The main part of the text, in progress since 2022, is the definition of objective criteria to characterize this type of debtor and more strictly sanction the use of this commercial strategy in order to obtain undue advantages over companies which respect or attempt to respect their obligations.
Anyone who experiences a significant, repeated and unjustified default on payment falls into this category.
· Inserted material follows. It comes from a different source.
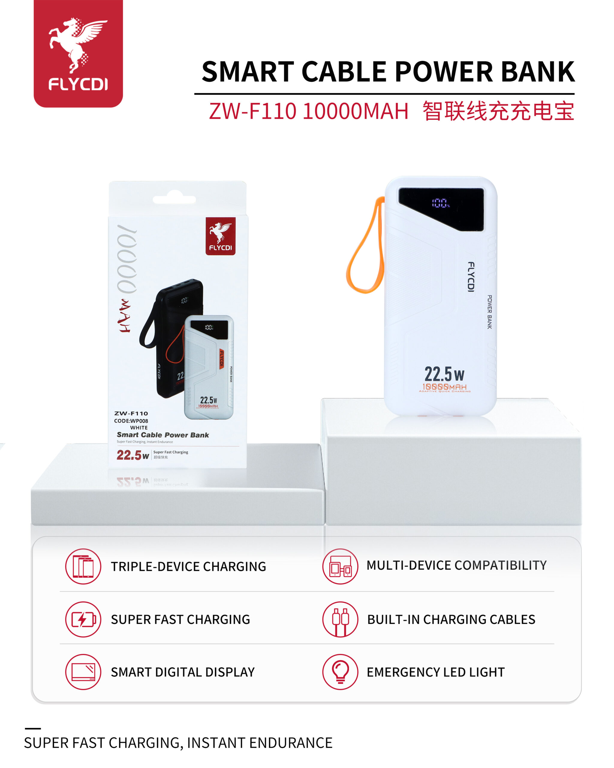 FLYCDI Smart Power Bank 10000mAh – ZW-F110 (22.5W, LED Display, Built-in Cables)

At the federal level, debt is considered substantial if it exceeds BRL 15 million and represents more than 100% of the company’s known assets, over at least four consecutive calculation periods or six alternating calculation periods within a 12-month period.
For the state and municipal levels, the values will be defined by local legislation within a year, ensuring adaptation.
There are safeguards in the event of a public calamity, and a company considered a continuing debtor will have a period of time to demonstrate that it had a recent negative result and did not seek to hide assets.
According to estimates, 1,200 CNPJs would be reached, with a potential revenue exceeding 30 billion reais per year – a significant amount, especially in the current context of fragility of the public budget.
It doesn’t take much imagination to suspect that such practices are also linked to organized crime. An example was given by Operation Hidden Carbon, launched in August, which revealed a system of money laundering and tax evasion in the fuel sector, involving fintechs linked to criminal factions and movements of 70 billion reais in one year.
To make it difficult to use the financial system for hidden purposes, the text approved by the House requires greater control and transparency in fintechs and investment funds.
Fortunately, the fear that greater harshness towards persistent debtors would open the way to a hunt for honest taxpayers facing occasional difficulties has been overcome. On the contrary, the project strengthens legal certainty, with incentives and mechanisms for voluntary compliance, such as extended payment deadlines and reductions in interest and fines.
By isolating chronic tax evaders, the project advances the fight against tax evasion and the mechanisms that fuel crime and undermine free competition. This deserves presidential sanction.